Here is one little question that is none of my business: How much does the BSP charge the banks for a license to open a branch? One figure making the rounds in business is something like P20 million per branch. Which leads me to the next little question: Is the so-called liberalization another money-making venture of the central bank?

Actually, the new policy signals a change in the strategy of the BSP. Reports said that the BSP even conducted a survey and found out that more than 80 percent of the entire population of this country did not have bank accounts. That should translate to more than 70 million people who do not deal with banks in any way. Surely more than 40 million of those are the economic class classified as “poor,” and they have no need for bank services, even if they live outside the bank branches in makeshift homes made of discarded carton boxes.
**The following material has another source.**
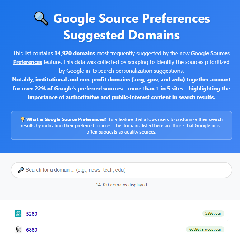 [Aplicación] Google Source Preferences Suggested Domains: Inmensa base de datos con casi 15.000 dominios preferentes para Google. Un recurso imprescindible para el marketing digital y la estrategia de contenidos dado que a través de este análisis podemos entender cómo Google evalúa la calidad.

Let us say that only 10 million to 20 million of that “unbanked” portion of the population have the means, plus the need, for banking services. The banks thus must be foregoing billions of pesos worth of business. To make banking services available to those millions of people, the BSP seems to be encouraging banks to put up more branches, preferably in the provinces.
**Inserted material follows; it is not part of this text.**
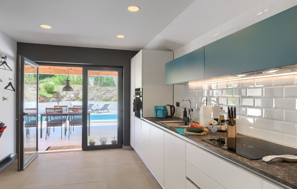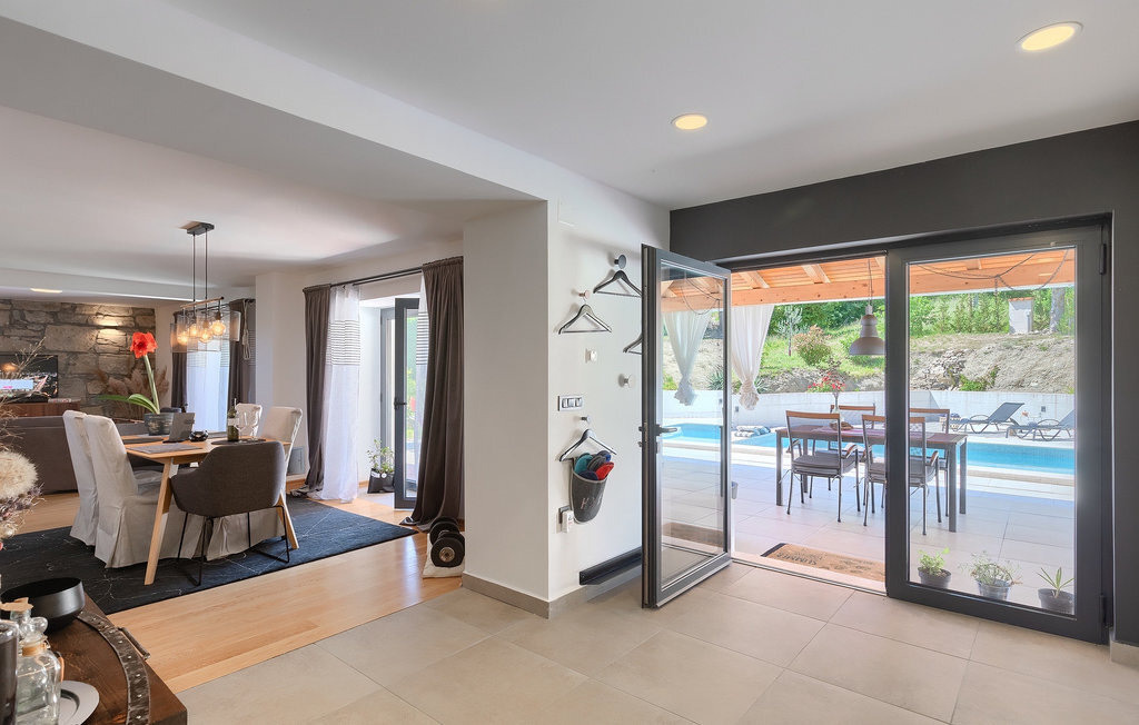 La villa se trouve dans un petit village d'Istrie, entouré d'une nature intacte. Avec une surface habitable totale de 125 mètres carrés, elle peut accueillir jusqu'à 6 personnes au maximum. Le rez-de-chaussée se compose d'une cuisine moderne et bien équipée, d'un coin repas, d'un salon avec télévision et d'une salle de bain avec douche. À l'étage supérieur se trouvent deux chambres à coucher joliment aménagées avec des lits doubles et une autre salle de bain avec douche. L'espace extérieur est l'endroit idéal pour se détendre et profiter du calme et de la tranquillité de la région. Devant la villa se trouvent une terrasse couverte et une piscine privée, parfaite pour les chaudes journées d'été. Profitez de cette opportunité et profitez de vos vacances dans la belle Istrie.La villa Des4U est située au cœur d'un paysage idyllique, sur les pentes occidentales du magnifique parc naturel d'Uka. Si vous aimez le vélo et la randonnée, de magnifiques montagnes vous attendent. Les plus aventureux trouveront ici quelques-uns des sites les plus populaires de Croatie pour l'escalade libre et le parapente. Si vous avez envie d'une mer cristalline, la diversité des plages n'est qu'à une trentaine de minutes en voiture, tout comme la perle de l'Adriatique - Opatija, avec son animation estivale et ses restaurants de première classe. Visitez les nombreuses villes médiévales de l'Istrie centrale comme Boljun, Motovun et Gronjan et les villes côtières comme Pula, Rovinj et Pore. Goûtez à de nombreux plats traditionnels comme les pâtes istriennes Fui et Pljukanci aux truffes ou Bokarin, et complétez votre dîner avec un verre de Malvasia istrien de première qualité.

In the past few years, after all, the BSP has ordered the closure of numerous “rural banks,” which incidentally were really located at built-up areas that we could hardly call as “rural” at all. I remember that in just one week sometime in 2010, the BSP ordered the wholesale closure of 10 rural banks one after the other. Today perhaps the BSP wants the bigger banks, the commercial and the thrift banks, to fill up the vacuum left behind by those wayward rural banks.

And so by directing the banks to widen their coverage, a bigger portion of the population may be folded into the formal banking sector, as they have access to consumer and housing loans, for instance, instead of going to loan sharks.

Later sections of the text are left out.